_Data extract_
--

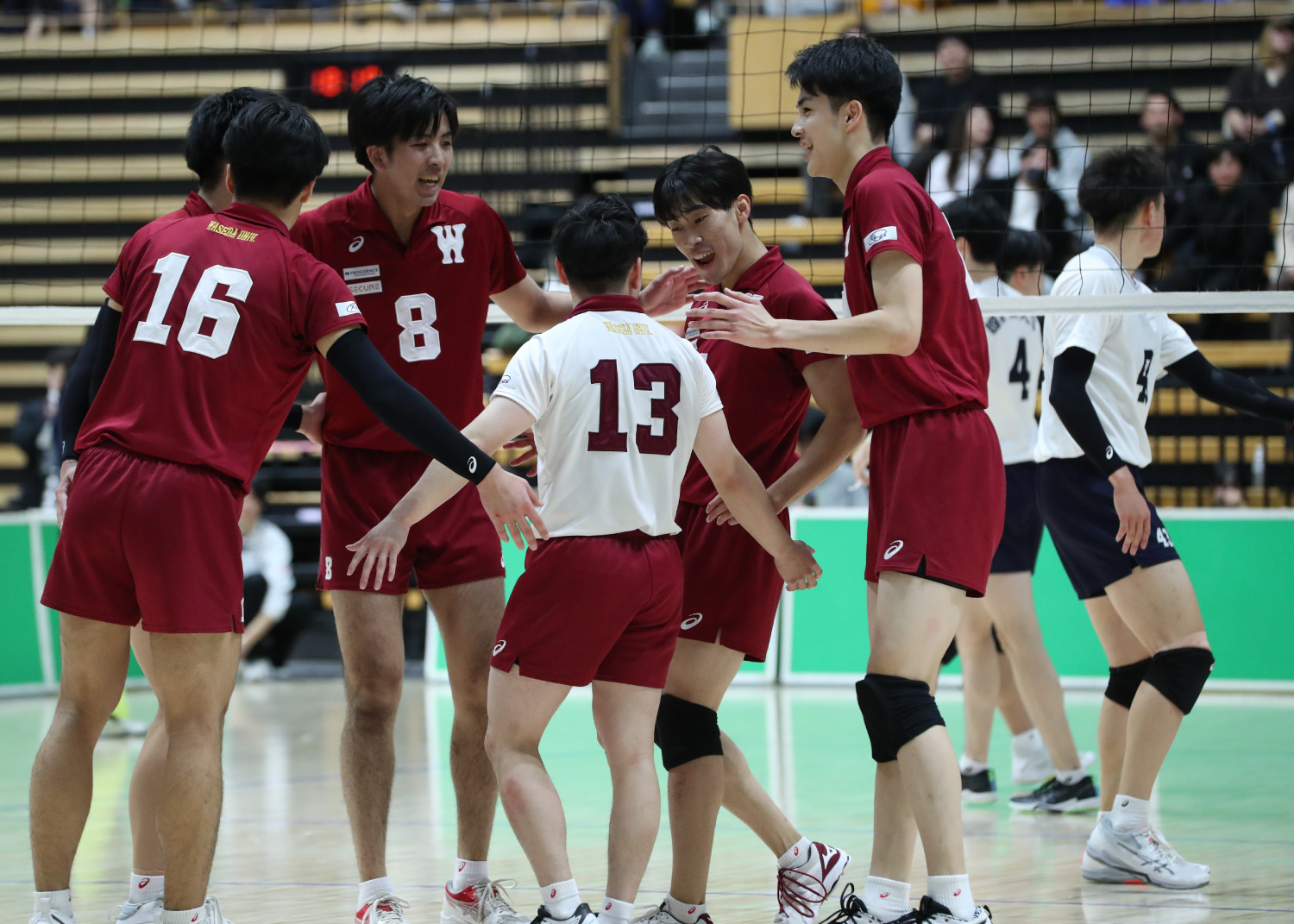 男子決勝は2年ぶりの日本一を狙う早稲田大学と、初めて決勝に進出した国士舘大学が対戦しました。第1セットは、初めての大舞台に燃える国士舘大学が、工藤築主将や定山蒼昊選手のスパイクなどで主導権を握ります。しかし早稲田大学はローゼンマーク有廉ジュニア選手や小野駿太選手のブロックで流れをつかむと、川野琢磨選手のスパイクで逆転に成功し、最後も小野選手のバックアタックでセットを先取します。続く第2セットも小野選手や川野選手、途中出場の德留巧大選手らが得点を重ねてセットを連取。あとがない国士舘大学はセッターの竹松魁柊選手を軸に攻撃を組み立てますが、強固な守備で追い上げを許さなかった早稲田大学が3-0(25-20、25-18、25-20)で勝利し、王座奪還を果たしました。
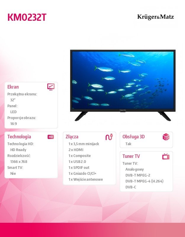 | Nazwa: | Telewizor KRUGER & MATZ KM0232T, LED, 32'' |
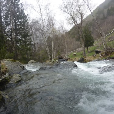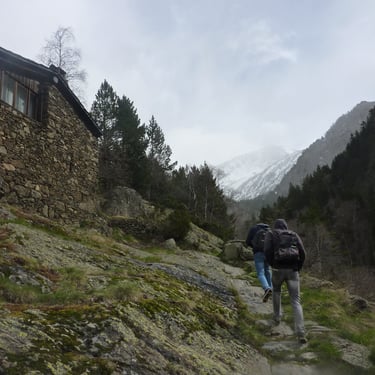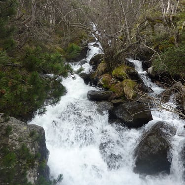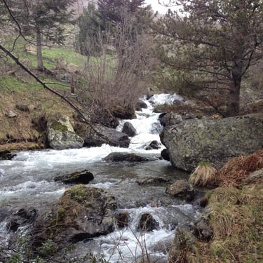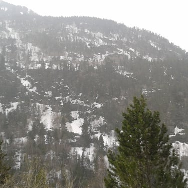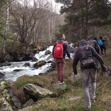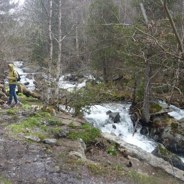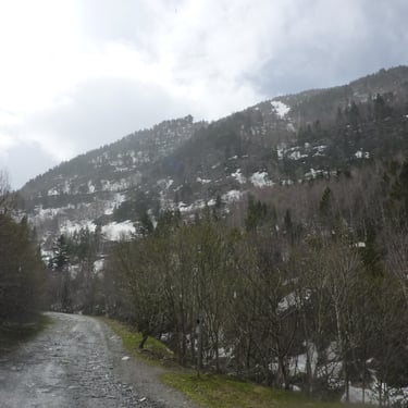 Since we had a personal driver, we asked him to take us to places where there is access to the mountains the next day. Within 15-20 minutes we were in the mountains from Andorra la Vella, where it was sunny, and it was cold and snowing. The climb was quite a chore. We scrambled over large boulders, mountain rapids, fallen trees, sharp rocks. In some places it was snowing.

--

_What you need to do_
All of the listing above has to be reproduced exactly, though without its images.

_Reply_
 男子決勝は2年ぶりの日本一を狙う早稲田大学と、初めて決勝に進出した国士舘大学が対戦しました。第1セットは、初めての大舞台に燃える国士舘大学が、工藤築主将や定山蒼昊選手のスパイクなどで主導権を握ります。しかし早稲田大学はローゼンマーク有廉ジュニア選手や小野駿太選手のブロックで流れをつかむと、川野琢磨選手のスパイクで逆転に成功し、最後も小野選手のバックアタックでセットを先取します。続く第2セットも小野選手や川野選手、途中出場の德留巧大選手らが得点を重ねてセットを連取。あとがない国士舘大学はセッターの竹松魁柊選手を軸に攻撃を組み立てますが、強固な守備で追い上げを許さなかった早稲田大学が3-0(25-20、25-18、25-20)で勝利し、王座奪還を果たしました。
 | Nazwa: | Telewizor KRUGER & MATZ KM0232T, LED, 32'' |
 Since we had a personal driver, we asked him to take us to places where there is access to the mountains the next day. Within 15-20 minutes we were in the mountains from Andorra la Vella, where it was sunny, and it was cold and snowing. The climb was quite a chore. We scrambled over large boulders, mountain rapids, fallen trees, sharp rocks. In some places it was snowing.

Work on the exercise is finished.